06-reference

addy osmani agent harness engineering

Sat May 09 2026 20:00:00 GMT-0400 (Eastern Daylight Time) ·reference ·source: X long-form article by @addyosmani ·by Addy Osmani (Director, Google Cloud AI)
agent-harness-engineeringharness-as-disciplineratchet-patterncontext-rothooks-enforcementclaude-mdmcp-tool-designvocabulary-upgraderdco-validation

“Agent Harness Engineering” — @addyosmani (Addy Osmani)

Why this is in the vault

Founder shared 2026-05-09 ~23:07 ET (or 2026-05-10 early AM) without comment. This piece names what RDCO has been doing for nine months without a label for it. Osmani is consolidating a discipline being coined this week by @Vtrivedy10 (“harness engineering”), with @dexhorthy / HumanLayer + Anthropic + Birgitta Böckeler all converging on the same idea. Bookmark-to-like ratio of 2.25:1 (3497 bookmarks / 1556 likes on 229k impressions) is the strongest practitioner-save signal we’ve seen on an agent-architecture piece this month — engineers are filing this for reference, not just liking it.

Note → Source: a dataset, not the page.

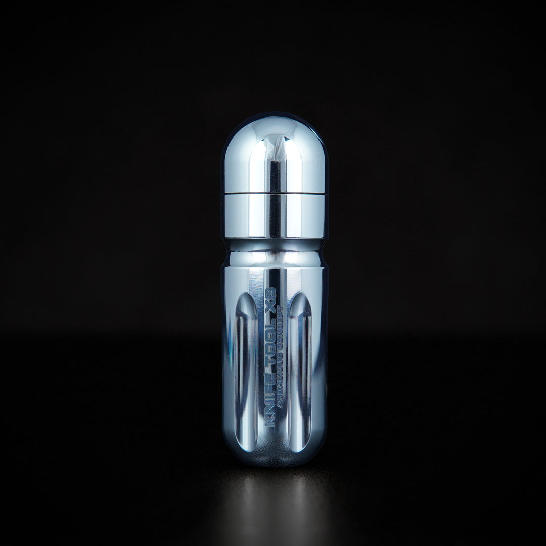 Introducing the Knife Tool XS - Titanium Edition with a hand-polished finish. Precision-machined from solid titanium, this compact multitool embodies craftsmanship at its finest. The mirror-like surface reflects light beautifully, emphasizing the clean lines and flawless geometry of the design. Lightweight, strong, and corrosion-resistant, it’s a perfect balance of performance and elegance - built for everyday use yet finished like a collector’s piece.

This is the third same-week piece converging on integration-as-moat at different layers:

Same insight, different altitude. Harness engineering is the most rigorous treatment because it’s the most operationally specific.

The core argument

Agent = Model + Harness. A raw model is not an agent. It only becomes one when a harness provides state, tool execution, feedback loops, and enforceable constraints. If you’re not the model, you’re the harness.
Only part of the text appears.